One of the interesting debates at the Exchange Q&A session at TEC 2012 was the question whether the upcoming release of Exchange 2013 should force companies who want to deploy the new software to upgrade their Active Directory infrastructure to a level higher than Windows 2003. Specifically, the proposal was that the deployment of Exchange 2013 within an organization should first require the Active Directory forest to run at Windows 2008 functional level on Windows 2008 R2 servers.

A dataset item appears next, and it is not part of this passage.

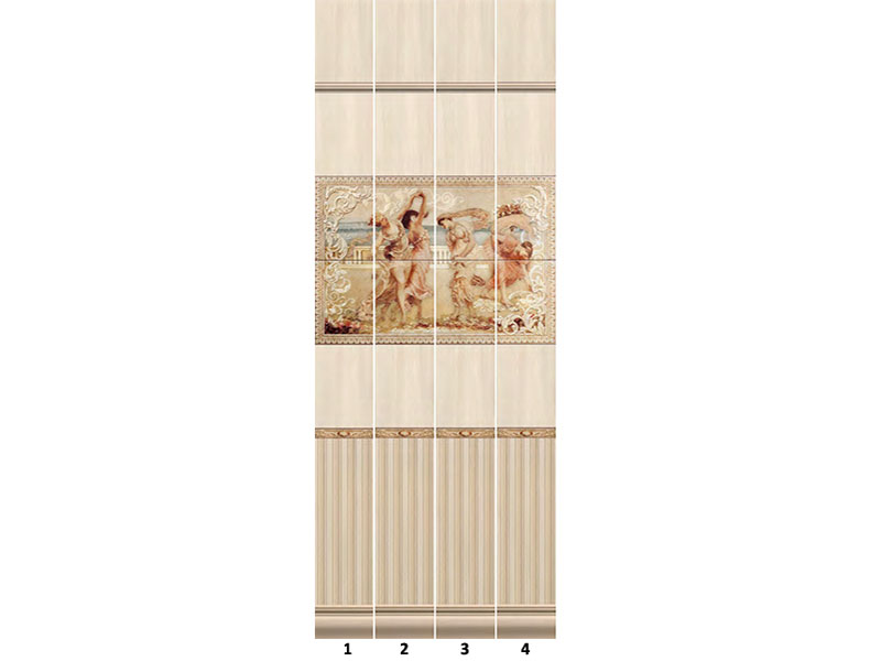 Панели ПВХ Unique Exclusive Флоренция - это великолепная композиция в стиле картин Рубенса или Ботичелли. Четыре античные богини танцуют недалеко от побережья на богато украшенной лепниной площадке. Рисунок состоит из четырех ламелей и продается комплектом.
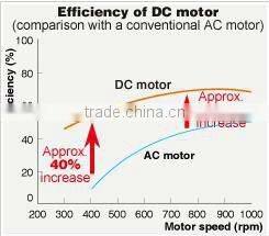 The DC motor allows fine rotation control, which reduces energy consumption. The motor also provides improvements in operational efficiency of up to 40%, compared to an AC motor. These improvements are particularly noticeable in the low-speed range.

I should be clear that Microsoft has not put this requirement on the table and that I have seen no formal press release or other communication from Microsoft that even hints that they might move along this path. However, private conversations with a number of Microsoft engineers reveal a certain frustration that so many customers operate Active Directory based on outdated software running on old hardware. After all, Windows 2003 is now pretty elderly and is rapidly approaching the point when it becomes unsupported. Lots of people run Windows 2003 domain controllers and global catalog servers on old 32-bit servers whose best days have long disappeared in the rear view mirror.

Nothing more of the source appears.